February 22, 2007
This article makes me want to run out and get an implantable cardioverter-defibrillator lead…
Daccarett M. Alexander P. Machado C. Large vegetation associated with implantable cardioverter-defibrillator lead. [Case Reports. Journal Article] Acute Cardiac Care. 8(2):109, 2006.
I wonder why am I picturing a tree growing out of someone’s chest?
February 20, 2007
Yesterday afternoon the network went down. I never realize just how much work I do on the computer until I’m not able. I digress…

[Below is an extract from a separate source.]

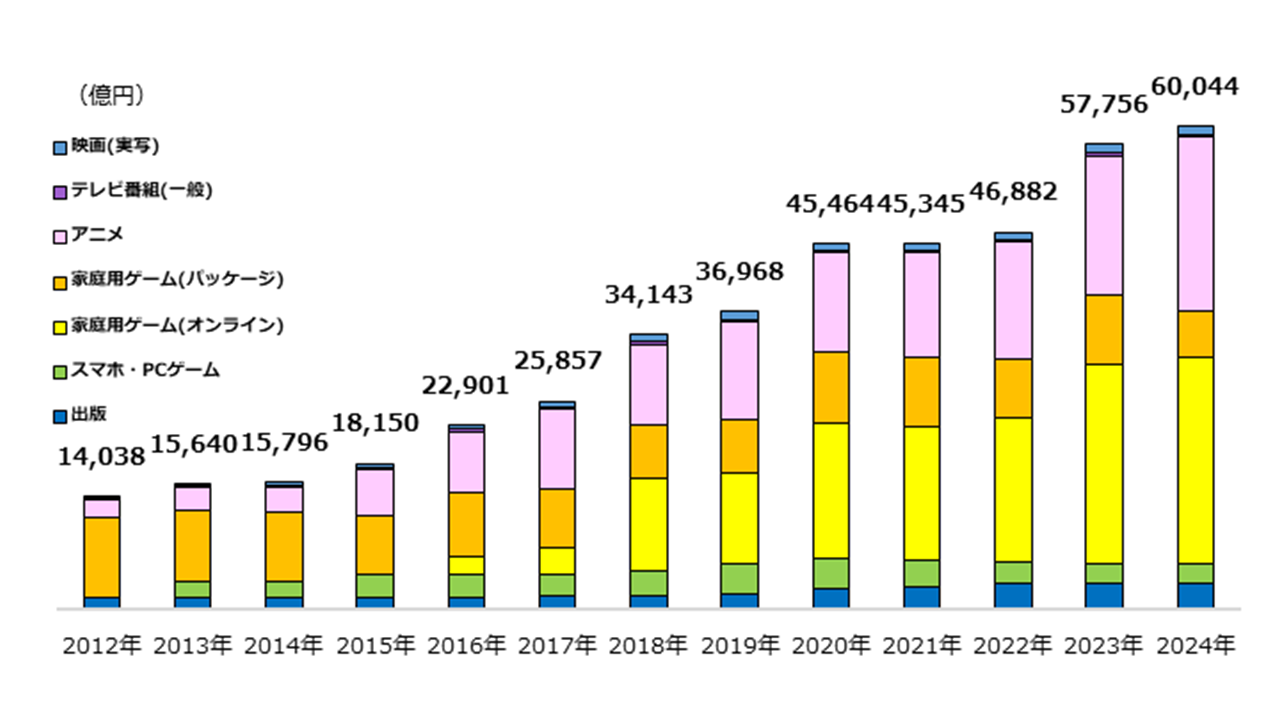 前年比は2023年の23.2%に及ばず4%に留まった。大幅な円安による年平均通貨下落率の7.7%よりも小さく、ドル建てでは縮小したことになる。 海外から日本への収入は約3.4兆円だった。算出した分野は映画(実写)、テレビ番組(一般)、アニメ(劇場・放送・配信等の映像と商品化ライセンス含む)、家庭用ゲーム(ソフト販売/オンライン)、スマホ・PCゲーム、出版(マンガを主とする)。アニメの海外売上が前年比26%の大幅増の約2.2兆円、他の分野は微増、横ばい、微減となり、アニメが全体の拡大を支えた。

In an effort to find something work related to do until the network came back up I shuffled through my “to read” pile and picked up an article I’d copied from the November 2006 issue of the Harvard Business Review (you can take the librarian out of business school but you can’t take business school out of the librarian). The article, titled Breaking the Trade-off Between Efficiency and Service turned out to be an article not written specifically for a library but extremely applicable nonetheless.
The article, written by Frances X. Frei, stressed that a service company will never by as “efficient” as a manufacturing company because of the human variable called the customer. He goes on to talk about the five types of variabilities and the option of accommodating or reducing the variabilities along with the benefits and pitfalls of both options.

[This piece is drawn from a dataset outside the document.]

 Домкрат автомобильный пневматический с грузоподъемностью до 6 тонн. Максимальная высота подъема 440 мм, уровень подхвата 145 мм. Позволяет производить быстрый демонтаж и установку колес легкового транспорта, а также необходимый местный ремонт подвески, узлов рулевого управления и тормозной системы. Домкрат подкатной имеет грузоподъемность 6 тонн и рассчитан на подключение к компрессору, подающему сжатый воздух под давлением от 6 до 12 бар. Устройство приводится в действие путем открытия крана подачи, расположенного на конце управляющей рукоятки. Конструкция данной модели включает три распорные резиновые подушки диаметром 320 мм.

This article has given me pause to think on many levels. First of all, the article reminded me that even though we work in libraries and often times feel that this busines mumbo-jumbo doesn’t fit in our department business principles can work for us and help us improve. I often think that if hospital libraries embraced business principles more that we’d have less of a problem justifying ourselves to administration. We, as a profession, have made strides in this area but have a ways to go. I’ve always felt that a business course or two should be required for an MLS, especially if the student is on a special library track. I degress yet again…

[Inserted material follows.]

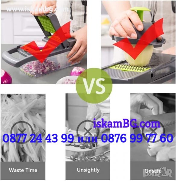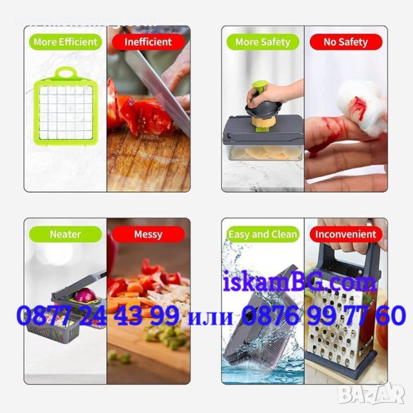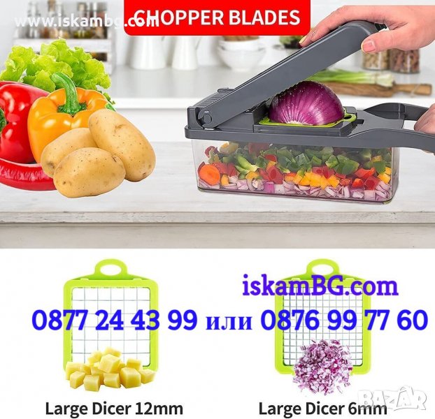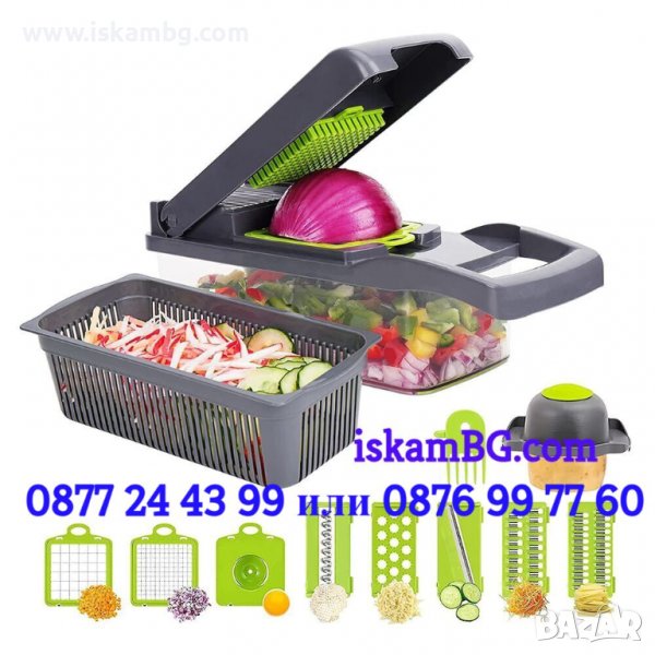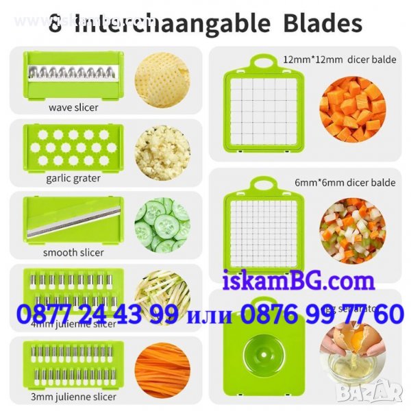Кухненският комплект е многофункционален и наистина ще ви спести време при приготвянето на разнообразна храна. Изработен от нетоксична, подходяща за храни пластмаса със здрави, метални приставки. С него лесно ще нарязвате на кубчета, ще настъргвате за секунди, ще кълцате и много др. без усилие. Разнообразието от приставки ви дава свобода и удобство при употреба. Модела има и включен в комплекта ефективен протектор за ръцете, за да избегнете нараняването на пръстите ви дори при рязане на храната на 1мм. Уникалният дизайн на дръжката срещу хлъзгане прави рязането по-лесно. В същото време дъното на чопъра за салати е проектирано с неплъзгащи се силиконови крачета, които могат значително да повишат стабилността.

The article also got me thinking about our customers (patrons). When it comes down to it, our patrons are the reason we exist. We try to market our hospital library to bring in more patrons, often times without putting in place mechanisms to help us deal with the increase in library use so that quality does not suffer. We shouldn’t hide ourselves to keep from becoming overwhelmed but, as the article points out, we need to think ahead and plan before making changes.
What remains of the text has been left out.